Does this mean that how I help others was no longer valid?
Here I am, seemingly having gone 'backwards' (which ISN'T a thing, btw!) does this mean I can't now help other people?
NOPE.
Of course not. In fact, everything I had learned, trained in and done before helped me stay as level as I could, and not return to darker places. I know that I would have been lost without it.
All this new situation 'meant' was that I was going through a deeply difficult time, which activated old trauma responses and my whole body/being was actually managing to be EPIC at trying to survive and heal at the same time.
But of COURSE I worried about all the other pieces, because I am a human.
Including the worry that this would impact my ability to do my job (which it didn't. As my clients will attest!)
I realised that everything felt 'too heavy to hold'. And I needed something else - just like someone who breaks their leg might need crutches or a wheelchair and an operation.
I decided to investigate some intensive programmes - to reinforce what I had already worked on, and to help heal the damage from the previous year. To feel more peace.
I had heard about something called the Hoffman process. I'd heard it described by many as 'life-changing', 'pivotal', the 'best thing I've ever done' and 'hitting the reset button'.
I investigated thoroughly - I especially wanted something that wasn't simply based on talking therapies - I wanted something that went deeper. Something that worked with the other aspects of myself other than the intellect.
I'd had very powerful results from more somatic, transformational and holistic practices before, and I was keen to experience something similar.
I had quite a few phone calls to establish if this was the right process for me at this time. At every stage they were professional, reassuring and not at any point did I feel pulled or pushed into any decision.
Then, I took the plunge and booked on.
There was a lot of pre-work before I attended, which, again, was reassuring to me and an indication of the depth of the process.
Booked in for a residential week in the middle of the Oxfordshire countryside, cut off from the outside world - not allowed to have our own phones, devices, music, usual meditations, yoga, books, exercise...nothing that would cause us to alter our mood or distract us in any way. The focus of the week was the programme that we were on. To be fully immersed.
A week with 23 other brave souls, all pushing through discomfort to pursue their own version of the peace and healing I was seeking to restore within.
I intend to write a little more detail about what the week entailed and the journey itself, but for now, I will summarise.
It was incredible, intense, and everything that I needed. Not least being supported by immensely caring professionals all week, and mutually supported with compassion by my fellow participants, now all dear friends.
We all bonded through the grief, the tears, the sharing, the love, the pain, the intense emotions, the connection with ourselves and each other, and SO much laughter (anyone who thinks this sort of work doesn't include fun should think again!).
We worked on our patterns of behaviours, emotions, thoughts. Topics such as shame, guilt, vindictiveness and our dark sides. We were taken through a brilliantly designed programme with a powerful array of experiences, exercises and tools and given practices to keep with us for good.

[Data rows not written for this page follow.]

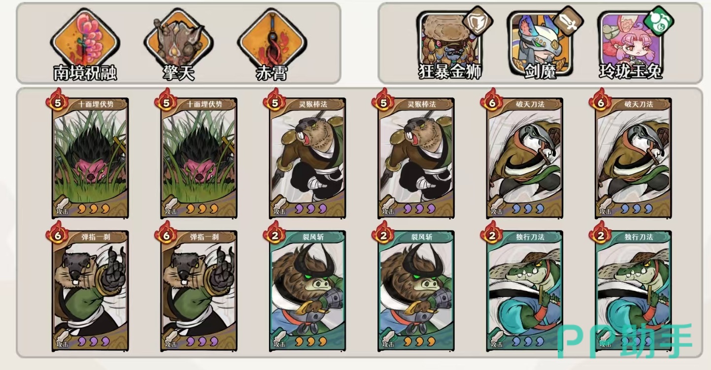 狮子定位为功能型辅助,主责护甲增益与生存保障,装备组合为饮血四件套+踏风逐云,后者专用于为少年角色叠加护甲,神话效果应尽可能贴近200%。前缀优先级为铁衣>养元。武学配置方面,土系携带八张:十面埋伏×2、灵猴棍法×2、破天刀法×2、弹指一刹×2;风系携带四张:烈风斩×2、独行刀法×2。古器固定选用赤阳珠、沧澜链、魍面,三者均直接提升少年攻击力,不可替换。
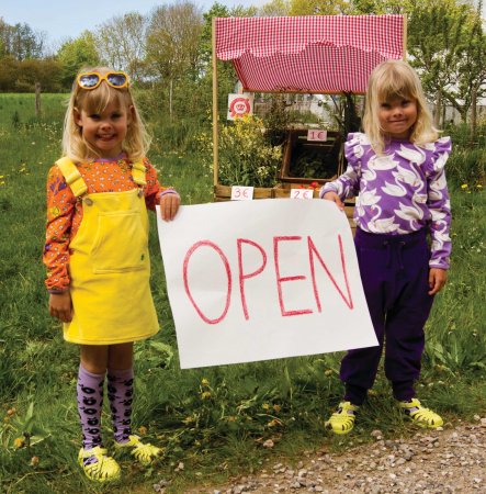 Trøyen har lange ermer, søt volangkant, og en fin ensfarget kant omkring halsen og håndleddene.
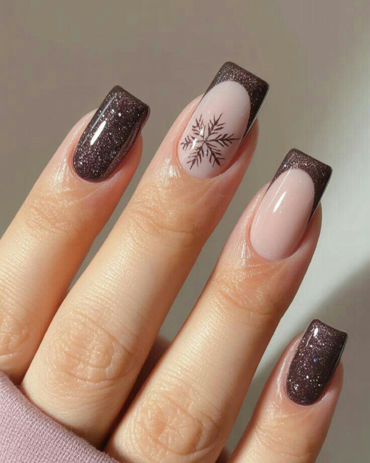 Deep chocolate-brown glitter tips paired with a soft nude base create a cozy winter vibe. The single snowflake accent keeps the look seasonal and elegant without feeling too busy.
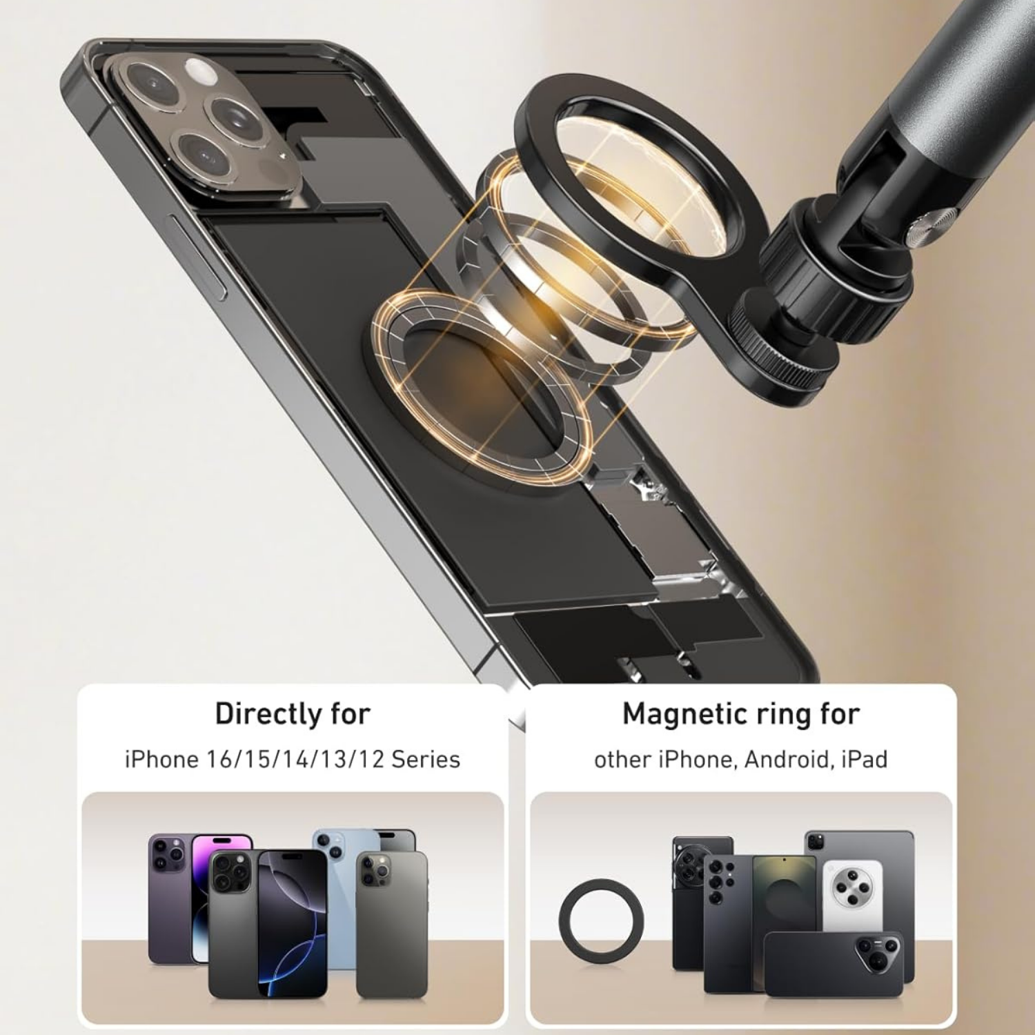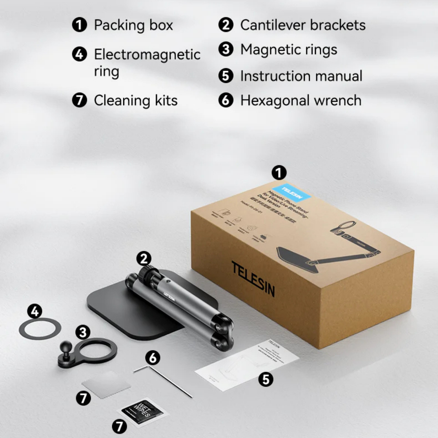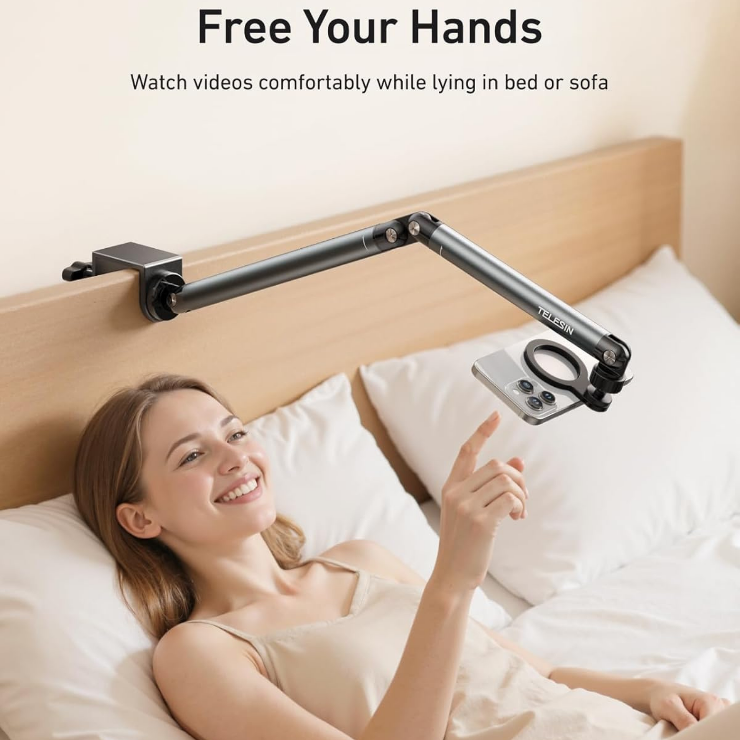 حامل TELESIN Magnetic Phone Holder Clamp هو حامل احترافي يُثبت على الطاولة أو السرير، مزود بذراع قابل للتعديل بزاوية 360° لتوفير تجربة استخدام مريحة بدون استخدام اليدين. يعتمد على مغناطيس قوي (MagSafe) لتثبيت الهاتف بسرعة وأمان، مع تصميم مرن يسمح بالتصوير أو المشاهدة من أي زاوية. المميزات الرئيسية تثبيت مغناطيسي قوي (N52): يثبت الهاتف بسرعة وبيد واحدة. ذراع قابل للتعديل 360°: تحكم كامل بالزوايا (أفقي / عمودي / تصوير علوي). مشبك قوي (Clamp): يثبت على الطاولات أو السرير بدون انزلاق. تصميم مرن وقابل للطي: سهل التخزين والنقل. هيكل متين: مصنوع من الألمنيوم مع سيليكون للحماية والثبات. يقلل من إجهاد الرقبة أثناء المشاهدة أو العمل لفترات طويلة. المواصفات نوع المنتج: حامل هاتف مكتبي/سرير نوع التثبيت: Clamp (مشبك) زاوية الدوران: 360° سماكة التثبيت: حتى 5 سم تقريباً المواد: ألمنيوم سيليكون التحمل: حتى حوالي 1.3 كغم (3 باوند) التوافق: iPhone (MagSafe) جميع الهواتف (مع حلقة مغناطيس) يدعم أيضاً بعض الأجهزة اللوحية (Tablets) الاستخدامات مشاهدة الفيديو أثناء الاستلقاء على السرير بث مباشر (Live Streaming) تصوير من الأعلى (Top View / Overhead) استخدام الهاتف أثناء العمل بدون اليد قراءة أو تصفح بشكل مريح
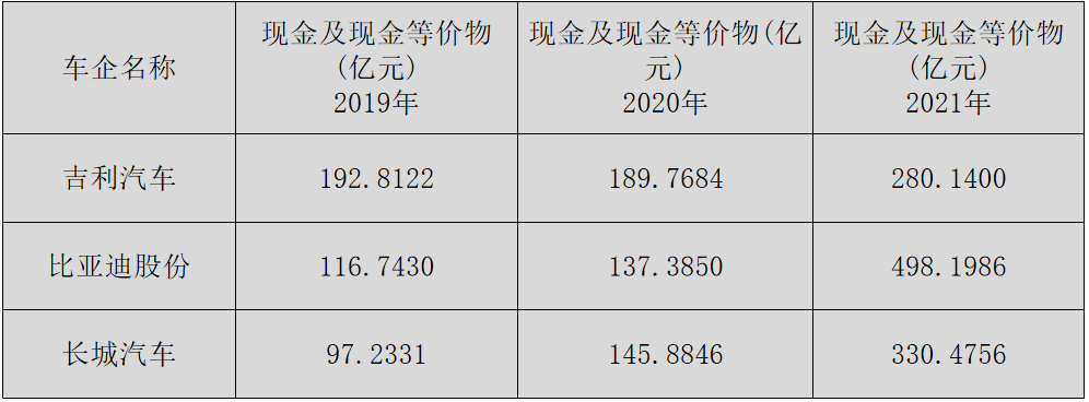 最后看一下现金情况,吉利汽车2019年现金及等价物是192亿元,到了2021年是280亿元,也没增加多少,90亿左右。
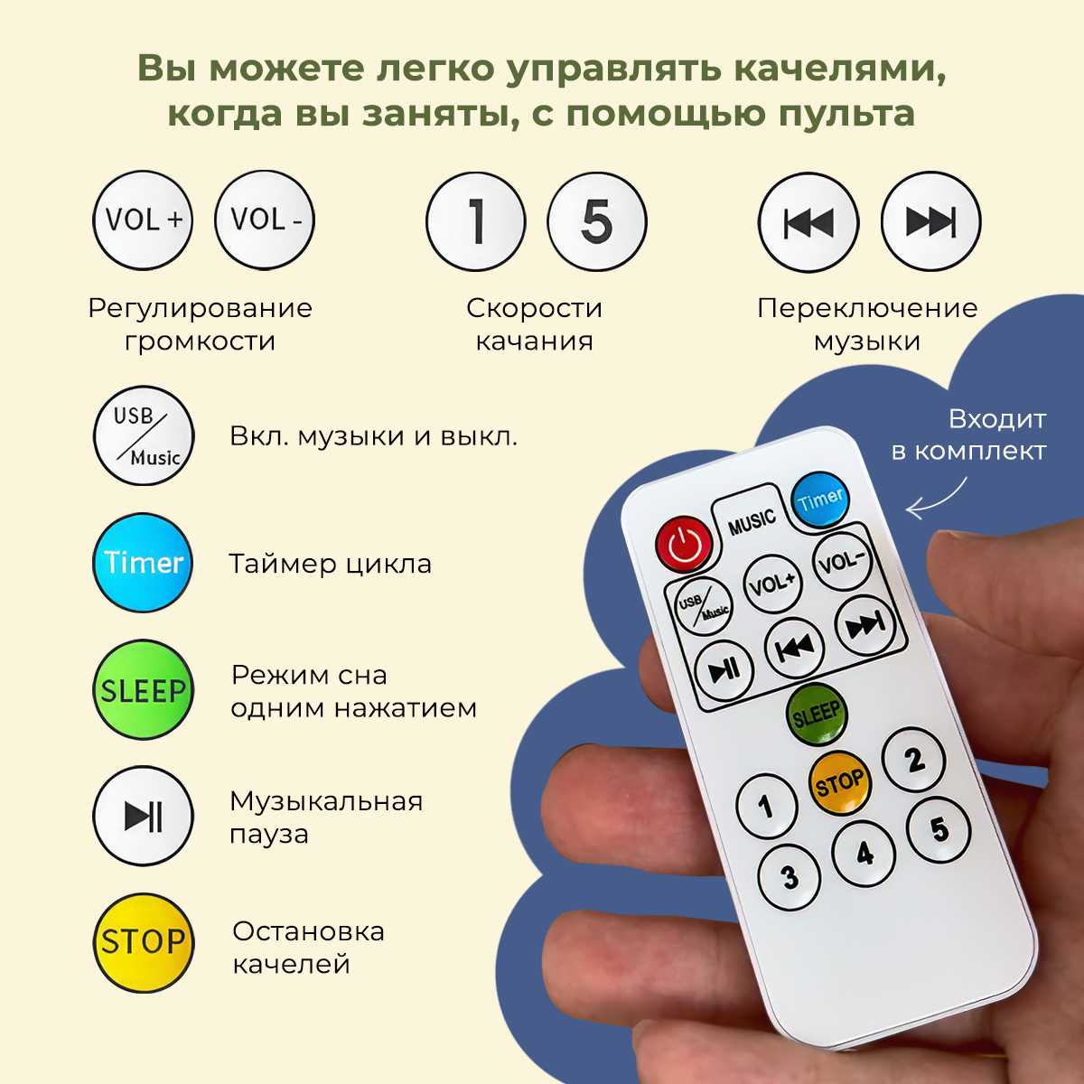 Особенности : | работа от батареек, таймер музыки, таймер укачивания |
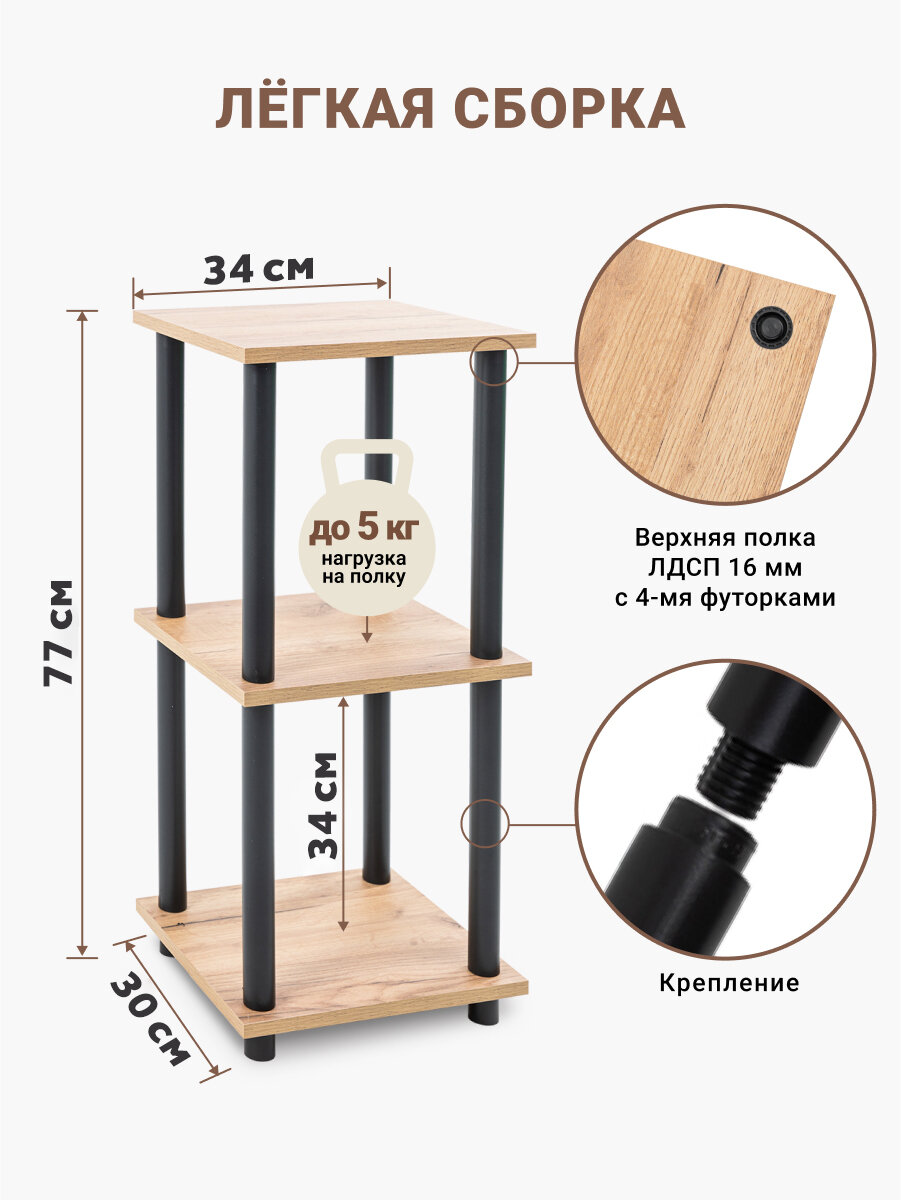 Стеллаж деревянный GASTRORAG 0770/3, полка напольная, этажерка для кухни, ванной, гостиной, спальни, 3 полки ЛДСП, размеры 34 х 30 х 77 см: сравнение цен, характеристики, фото, актуальное наличие и цены.

As with every other deep process - or external adventure - that I have undertaken, once on the other side, the rewards are immense.
I now feel more hope than I have in a long time. I feel restored to my previous levels of resilience - and beyond. I feel even more resourced to deal with everything that life will contain.
I would describe it as a year or two years' worth of deep work or therapy or processing in one week.
And here I now stand, resourced and ready. Reintroduced to the 'outer world' forever a different being than went in.
I could not be more grateful.
If anyone reading this ever feels the terror of going 'backwards'...the hopelessness of fearing a return to places that you wish that you had left behind, know that you are not alone.
Not only are you not alone, but you are normal.
I see you, I love you.
And I will continue to journey with you - all of you - in this wild experience of life.